Processing a large amount of data in the Big Data world has become routine. Many companies offer common Big Data ETL solutions using Hadoop utilities, which have become popular and widely adopted. These solutions often involve data extraction (structured or unstructured), transformation into a user-required form (typically structured tables), and loading into accessible storage for end-users. To better understand and leverage these complex processes, delving into enterprise big data solutions can provide invaluable insights and expertise. This approach is pivotal for most current big data projects.
So here we will show you a brief description of how to work with it.
Back-End – What is under the hood?
Geo-Storage
Where do we store the geo-data? To answer this question, we need to ask “What do we want to get in the end?” We want to store the data somewhere and somehow. You can say, “Why don’t we use RDBS?” and that’s a good question. The answer to this question could be “yes”, but following a certain condition. What we’re trying to state here is that this approach is fine in case your data has a predefined schema and it’s not growing fast. Sounds good. But let’s say you want to have a possibility to work directly with geodata and all necessary tools for it. Or even more, let’s assume we have a real-time data processor pipeline which sends us an endless amount of schema-less data. Will the RDBMS be enough?
The most common way to store and process geo-data is to use NoSQL, which already has a good build on-top engine to store, process and transform geodata, similar to Accumulo or HBase for storing with GeoMesa.
Hello GeoMesa
As it’s been mentioned before, GeoMesa is one of the biggest and most popular on-top of the NoSQL DB engines, which gives the possibility of geospatial querying and performing analytics. GeoMesa includes a large number of functions for working with geodata, supporting common geo-types in the WKT format (see next chapter). Also, it implements command-line tools with various commands and provides API for Java language as well as Big Data tools, for example, Spark, which simplifies its interaction with a developer.
Geo-Types
The geodata domain presupposes a specific way of storing data, i.e. the “Well-Known Text” (WKT). In the context of the raw theory, WKT is a text markup language for the representation of geometric objects on a map, spatial reference system, etc. Briefly, this is a unified way of creating Points, Lines, Polygons, Multi-polygons, etc. from Integers, Decimals, Strings.
Here is how it should look like in examples:
These data types are common for all geo engines.
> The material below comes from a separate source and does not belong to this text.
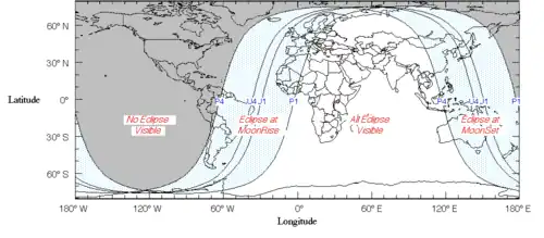 ![]() Região do planeta onde foi visível durante o máximo do eclipse - 20:07 UTC. A região central do Oceano Índico obteve a melhor observação do meio do eclipse, de onde foi visível à meia-noite. |

Front-End – Visualization engine
GeoServer as a geospatial view engine
So, now we have data stored in the proper way. However, how can we use this data for visualization? The simplest way to do that is to use GeoServer – a software server designed specifically for creating maps, viewing them, editing geospatial data or simply querying it with one of the geospatial standard languages. Let’s consider it in a broader context now.
GeoServer (as GeoMesa) uses CQL (Common Query Language) for querying data. It is a very simple matter for people who know SQL as far as their syntaxes are rather similar except for some limitations.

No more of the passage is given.